Green’s Dictionary of Slang

Jimmy O’Goblin n.

also jimmie o’ goblin, Jimmy O’Gob
[rhy. sl.; note earlier goblin n.]

(orig. theatre) a sovereign or pound note; in pl., money.

[UK]G.R. Sims In London’s Heart 283: Nobody but our two selves, mate, and the stuff’s all in Jimmy o’Goblins and flimsies.
[Aus]E. Dyson ‘At a Boxing Bout’ in Benno and Some of the Push 119: A ’undred t’ twenty in Jimmy O’Gobs.
[Aus]Sport (Adelaide) 3 Aug. 14/4: They Say [...] That There are fifty jimmy o’ gobblins for the man who discovers a sober member of the Wild Kernut Gang.
E. Metcalfe Handle of Sin 128: [...] put down one golden Jimmy-o-goblin-o, and pick up sixteen and some fragments that remain.
[UK]Wodehouse ‘Rallying Round Old George’ in My Man Jeeves [ebook] [A]n income, after-all, is only an income, whereas a chunk of o’ goblins is a pile.
[UK]N. Lucas Autobiog. of a Thief 106: No numbers on the Jimmie-o’-goblins, and people had more of ’em.
[UK]D.L. Sayers Have His Carcase 128: Three hundred golden sovereigns — that’s what he turned it into.

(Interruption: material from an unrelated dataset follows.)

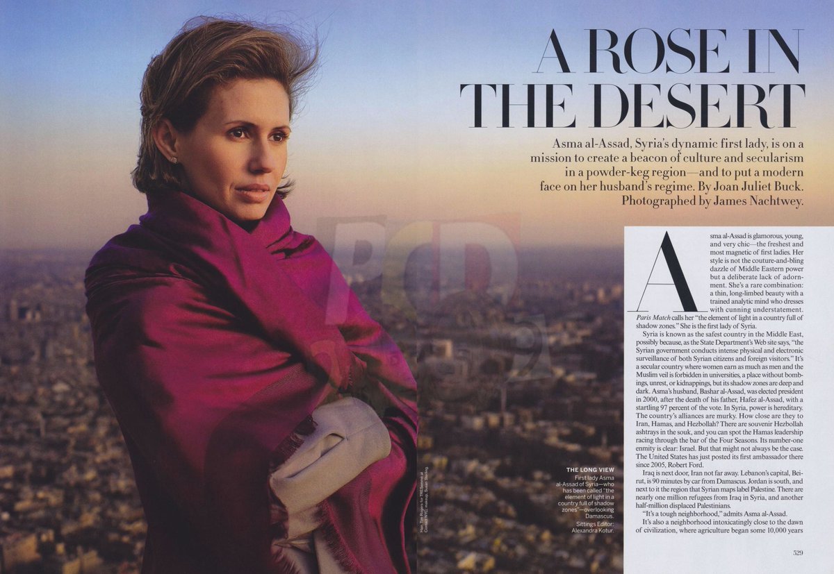 In 2010, Vogue magazine had a nice article on Asma Assad, the First Lady of Syria. "A Rose in the Desert" described all her great works in education, theater, charity, hospitals etc. Asma Assad was born and raised in the UK, where she met her husband, who was an ophthalmologist.
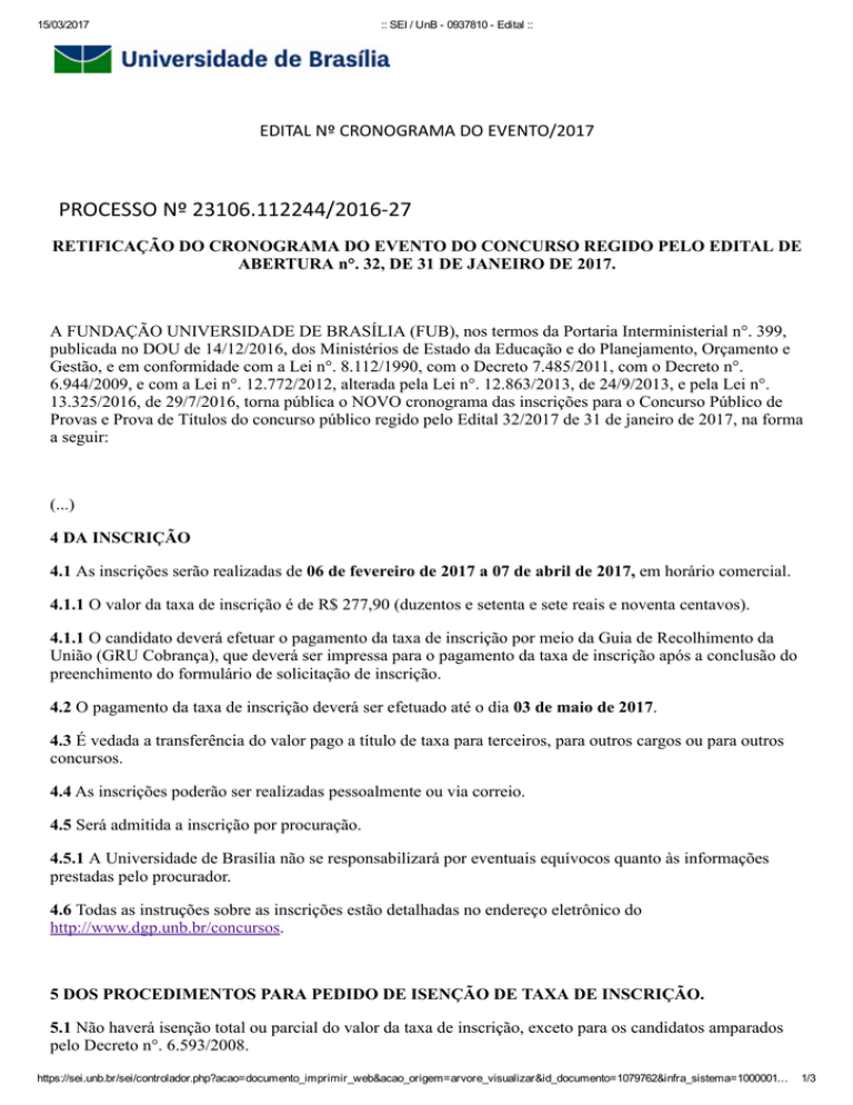 15/03/2017 :: SEI / UnB ­ 0937810 ­ Edital :: EDITAL Nº CRONOGRAMA DO EVENTO/2017 PROCESSO Nº 23106.112244/2016‐27 RETIFICAÇÃO DO CRONOGRAMA DO EVENTO DO CONCURSO REGIDO PELO EDITAL DE ABERTURA n°. 32, DE 31 DE JANEIRO DE 2017. A FUNDAÇÃO UNIVERSIDADE DE BRASÍLIA (FUB), nos termos da Portaria Interministerial n°. 399, publicada no DOU de 14/12/2016, dos Ministérios de Estado da Educação e do Planejamento, Orçamento e Gestão, e em conformidade com a Lei n°. 8.112/1990, com o Decreto 7.485/2011, com o Decreto n°. 6.944/2009, e com a Lei n°. 12.772/2012, alterada pela Lei n°. 12.863/2013, de 24/9/2013, e pela Lei n°. 13.325/2016, de 29/7/2016, torna pública o NOVO cronograma das inscrições para o Concurso Público de Provas e Prova de Títulos do concurso público regido pelo Edital 32/2017 de 31 de janeiro de 2017, na forma a seguir: (...) 4 DA INSCRIÇÃO 4.1 As inscrições serão realizadas de 06 de fevereiro de 2017 a 07 de abril de 2017, em horário comercial. 4.1.1 O valor da taxa de inscrição é de R$ 277,90 (duzentos e setenta e sete reais e noventa centavos). 4.1.1 O candidato deverá efetuar o pagamento da taxa de inscrição por meio da Guia de Recolhimento da União (GRU Cobrança), que deverá ser impressa para o pagamento da taxa de inscrição após a conclusão do preenchimento do formulário de solicitação de inscrição. 4.2 O pagamento da taxa de inscrição deverá ser efetuado até o dia 03 de maio de 2017. 4.3 É vedada a transferência do valor pago a título de taxa para terceiros, para outros cargos ou para outros concursos. 4.4 As inscrições poderão ser realizadas pessoalmente ou via correio. 4.5 Será admitida a inscrição por procuração. 4.5.1 A Universidade de Brasília não se responsabilizará por eventuais equívocos quanto às informações prestadas pelo procurador. 4.6 Todas as instruções sobre as inscrições estão detalhadas no endereço eletrônico do http://www.dgp.unb.br/concursos. 5 DOS PROCEDIMENTOS PARA PEDIDO DE ISENÇÃO DE TAXA DE INSCRIÇÃO. 5.1 Não haverá isenção total ou parcial do valor da taxa de inscrição, exceto para os candidatos amparados pelo Decreto n°. 6.593/2008. https://sei.unb.br/sei/controlador.php?acao=documento_imprimir_web&acao_origem=arvore_visualizar&id_documento=1079762&infra_sistema=1000001… 1/3 15/03/2017 :: SEI / UnB ­ 0937810 ­ Edital :: 5.2 Estará isento do pagamento da taxa de inscrição o candidato que: a) estiver inscrito no Cadastro Único para Programas Sociais do Governo Federal (CadÚnico), de que trata o Decreto n°. 6.135/2007; e b) for membro de família de baixa renda, nos termos do Decreto n°. 6.135/2007. 5.3 A isenção deverá ser solicitada mediante requerimento do candidato, disponível na página do concurso, no período compreendido 06 de fevereiro de 2017 a 07 de abril de 2017contendo: a) indicação do Número de Identificação Social (NIS), atribuído pelo CadÚnico; e b) declaração de que atende à condição estabelecida na letra “b” do subitem 5.2 deste edital. 5.4 A Universidade de Brasília consultará o órgão gestor do CadÚnico para verificar a veracidade das informações prestadas pelo candidato. 5.5 As informações prestadas no requerimento de isenção serão de inteira responsabilidade do candidato, podendo responder este, a qualquer momento, por crime contra a fé pública, o que acarreta sua eliminação do concurso, aplicando­se, ainda, o disposto no parágrafo único do artigo 10, do Decreto n°. 83.936/1979. 5.6 Não será concedida isenção de pagamento de taxa de inscrição ao candidato que: a) omitir informações e(ou) torná­las inverídicas; b) fraudar e(ou) falsificar documentação; c) não observar a forma, o prazo e os horários estabelecidos no subitem 5.3 deste edital. 5.7 Não será aceita solicitação de isenção de pagamento de valor de inscrição via postal. 5.8 Cada pedido de isenção será analisado e julgado pelo órgão gestor do CadÚnico. 5.9 A relação dos candidatos que tiveram o seu pedido de isenção deferido será divulgada na data provável de 20 de abril de 2017, no endereço eletrônico http://www.dgp.unb.br/concursos. 5.10 Após a divulgação da relação dos candidatos que tiveram o seu pedido de isenção deferido será concedido o prazo de 2 (dois) dias úteis aos candidatos que não constarem desta relação, para contestar o indeferimento, no endereço eletrônico http://www.dgp.unb.br/concursos. Após esse período não serão aceitos pedidos de revisão. 5.11 A resposta da contestação será disponibilizada, em 5 (cinco) dias úteis, após o término do prazo previsto no subitem 5.10, no endereço eletrônico http://www.dgp.unb.br/concursos. 5.12 Os candidatos que tiverem o seu pedido de isenção indeferido, deverão entrar em contato com a UnB e imprimir a GRU Cobrança para pagamento até o dia 03 de maio de 2017, conforme procedimentos descritos neste Edital. 5.13 O interessado que não tiver o seu pedido de isenção deferido e que não efetuar o pagamento da taxa de inscrição na forma e no prazo estabelecido no subitem anterior, estará automaticamente excluído do concurso público. Cronograma do Evento Evento Data https://sei.unb.br/sei/controlador.php?acao=documento_imprimir_web&acao_origem=arvore_visualizar&id_documento=1079762&infra_sistema=1000001… 2/3 15/03/2017 :: SEI / UnB ­ 0937810 ­ Edital :: Período de Inscrição e Período de Solicitação de Isenção de 06/02/2017 a 07/04/2017 Inscrição Divulgação da relação dos candidatos que tiveram o pedido de isenção deferido 20/04/2013 Período para contestar o indeferimento do pedido de isenção 24/04/2017 e 25/04/2016 Divulgação do resultado da contestação 28/04/2017 Data limite para o pagamento da taxa de inscrição 03/05/2017 (...) Permanecem inalteradas as demais condições estabelecidas no Edital de Abertura do concurso em questão. Cláudia Rosana de Araújo Costa Decana de Gestã

Three hundred round, golden jimmy o’ goblins.
[UK]T. O’Reilly Tiger of the Legion 86: ‘Forty-two francs—and the exchange at about seventy-six to the British jimmy-o’-goblin!
[UK]S.T. Kendall Up the Frog 34: Jimmy O’Goblin – Sovereign.
[UK]Guardian G2 12 Aug. 16: My father, in his eighties, recalls that when he was a child a pound (cash) was called a Jimmy O’Goblin.